▶ [Work item] Wherever pictures appear in the listing below, leave them out, and copy exactly, and only, everything from the line with "If anything, Golub’s" down to the line with "Klasické křeslo navržené".

____ Input data

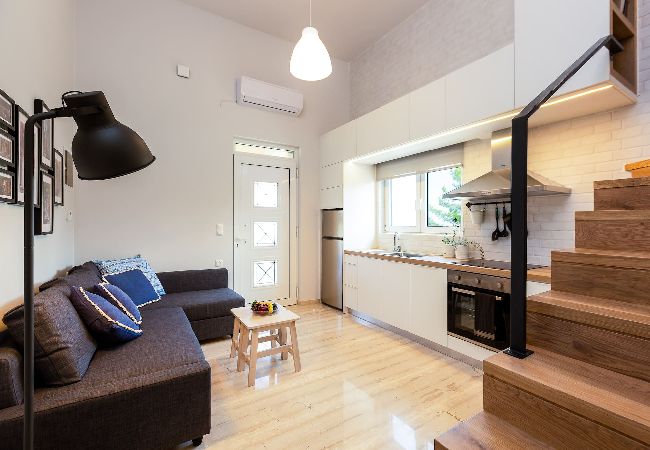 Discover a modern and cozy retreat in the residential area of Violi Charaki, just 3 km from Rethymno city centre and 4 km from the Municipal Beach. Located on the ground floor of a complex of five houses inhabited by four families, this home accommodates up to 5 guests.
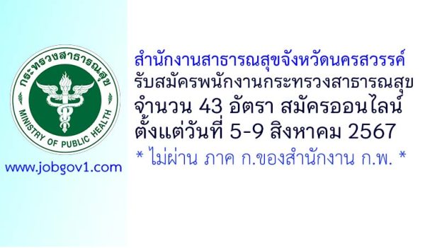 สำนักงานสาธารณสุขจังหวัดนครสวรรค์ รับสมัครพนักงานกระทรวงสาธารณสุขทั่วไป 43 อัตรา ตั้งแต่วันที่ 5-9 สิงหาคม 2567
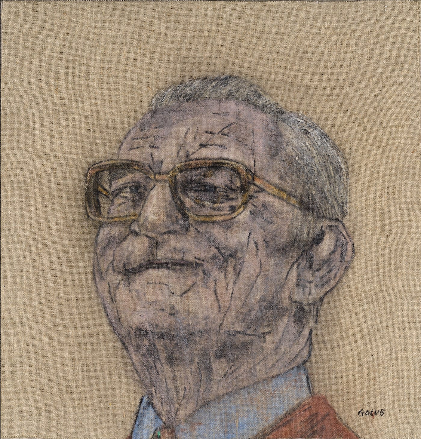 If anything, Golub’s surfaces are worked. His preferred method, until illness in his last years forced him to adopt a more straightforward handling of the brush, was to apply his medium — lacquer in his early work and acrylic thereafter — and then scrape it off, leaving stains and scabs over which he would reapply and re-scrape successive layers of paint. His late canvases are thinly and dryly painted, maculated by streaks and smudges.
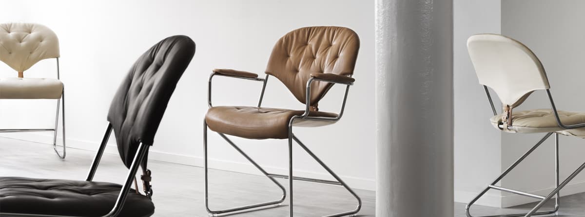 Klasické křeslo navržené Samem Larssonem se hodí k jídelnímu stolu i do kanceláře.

________
____ Input data

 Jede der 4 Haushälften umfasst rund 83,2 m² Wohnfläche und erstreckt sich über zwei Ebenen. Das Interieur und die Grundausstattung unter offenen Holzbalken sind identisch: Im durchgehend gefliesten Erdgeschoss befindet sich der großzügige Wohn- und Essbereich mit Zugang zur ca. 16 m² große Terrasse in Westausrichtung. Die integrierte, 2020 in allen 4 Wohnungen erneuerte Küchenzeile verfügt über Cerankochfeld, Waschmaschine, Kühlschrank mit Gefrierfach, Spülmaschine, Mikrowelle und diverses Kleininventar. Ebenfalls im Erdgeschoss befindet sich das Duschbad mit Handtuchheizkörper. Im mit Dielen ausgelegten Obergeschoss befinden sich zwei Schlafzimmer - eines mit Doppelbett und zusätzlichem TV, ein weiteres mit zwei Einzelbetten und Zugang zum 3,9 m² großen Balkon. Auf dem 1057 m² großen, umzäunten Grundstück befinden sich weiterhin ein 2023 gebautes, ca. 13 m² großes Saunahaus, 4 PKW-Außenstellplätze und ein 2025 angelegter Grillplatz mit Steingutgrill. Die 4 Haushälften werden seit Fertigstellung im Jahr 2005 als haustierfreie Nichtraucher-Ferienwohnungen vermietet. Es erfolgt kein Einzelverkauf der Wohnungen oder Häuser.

________
____ Input data

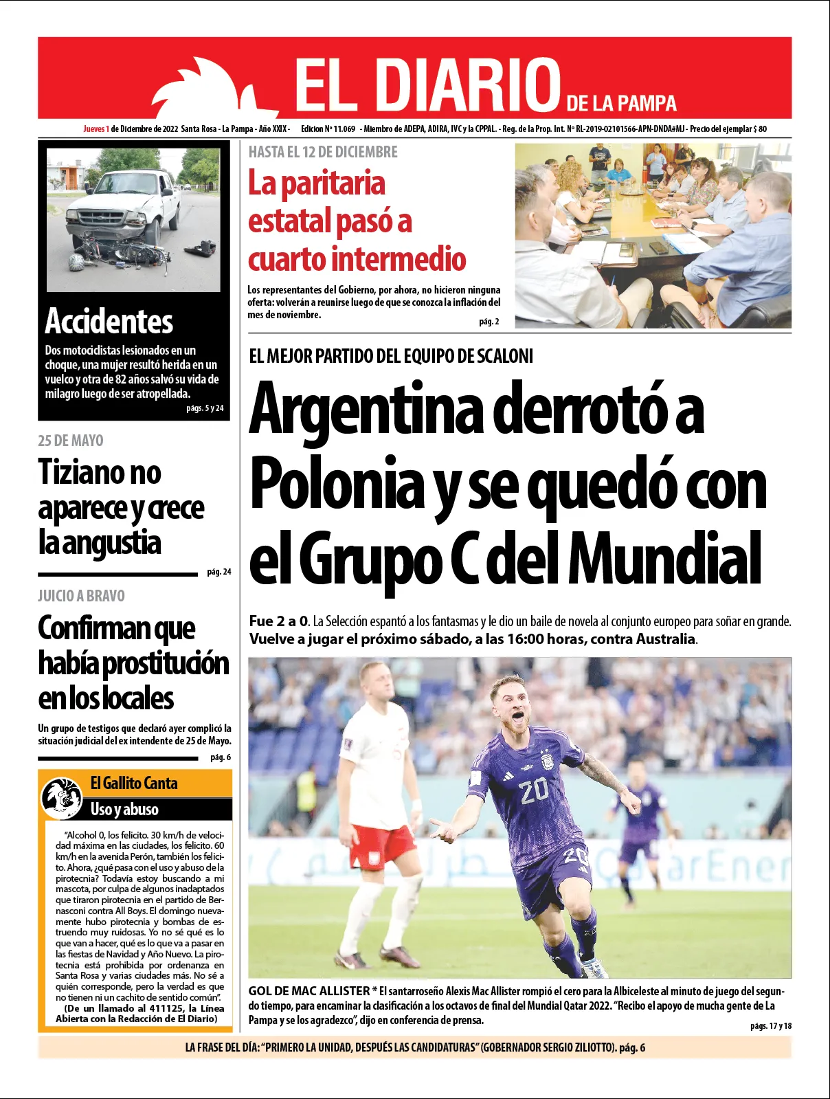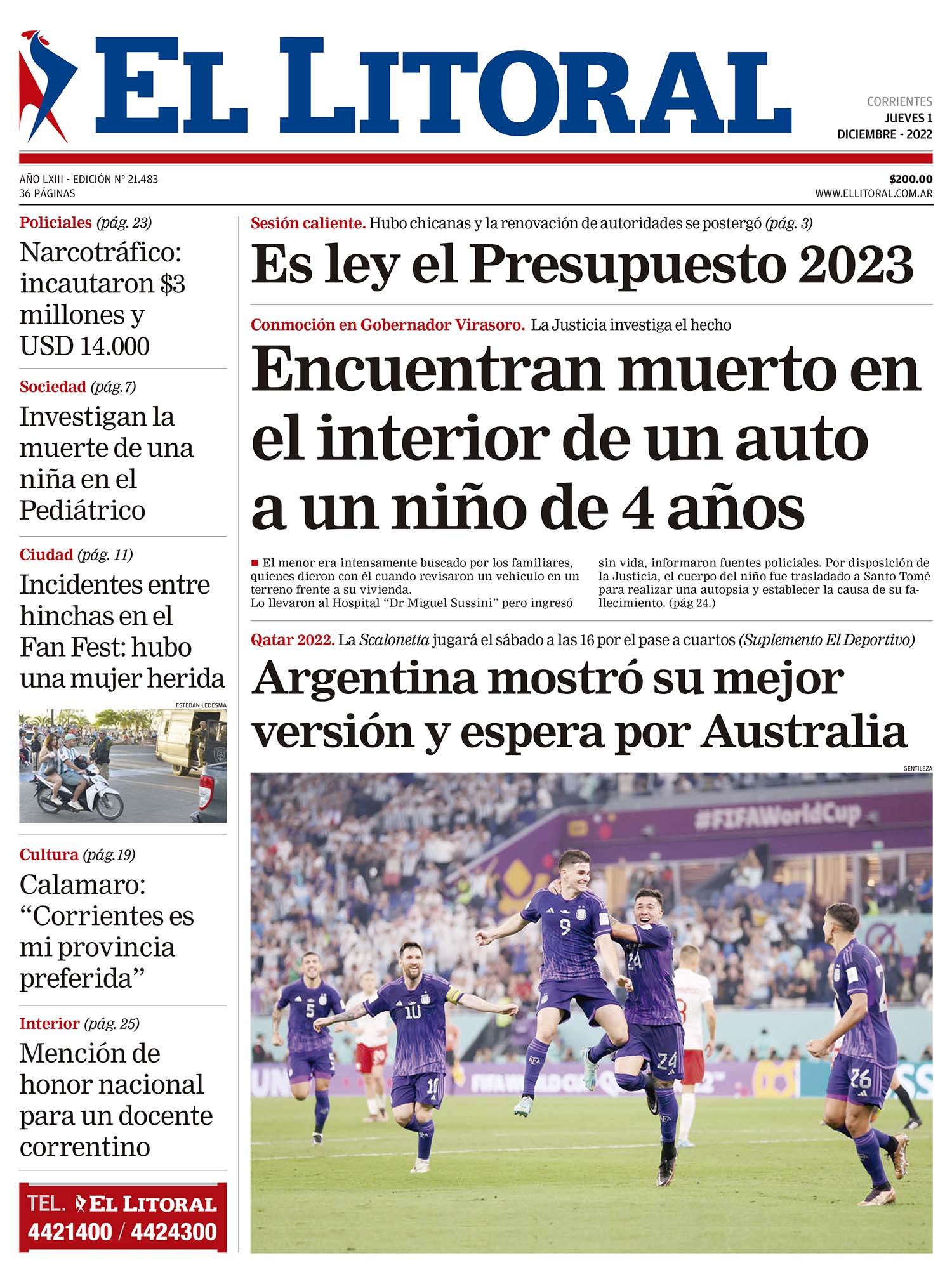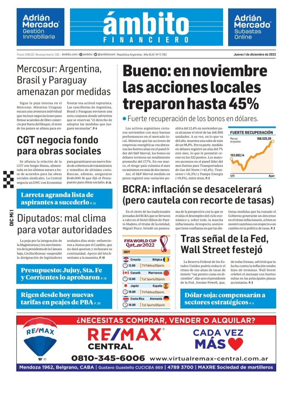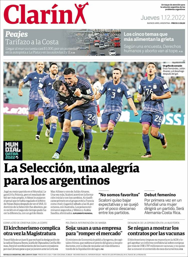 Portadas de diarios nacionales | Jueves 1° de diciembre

________

▶ [Answer for the task]
 If anything, Golub’s surfaces are worked. His preferred method, until illness in his last years forced him to adopt a more straightforward handling of the brush, was to apply his medium — lacquer in his early work and acrylic thereafter — and then scrape it off, leaving stains and scabs over which he would reapply and re-scrape successive layers of paint. His late canvases are thinly and dryly painted, maculated by streaks and smudges.
 Klasické křeslo navržené Samem Larssonem se hodí k jídelnímu stolu i do kanceláře.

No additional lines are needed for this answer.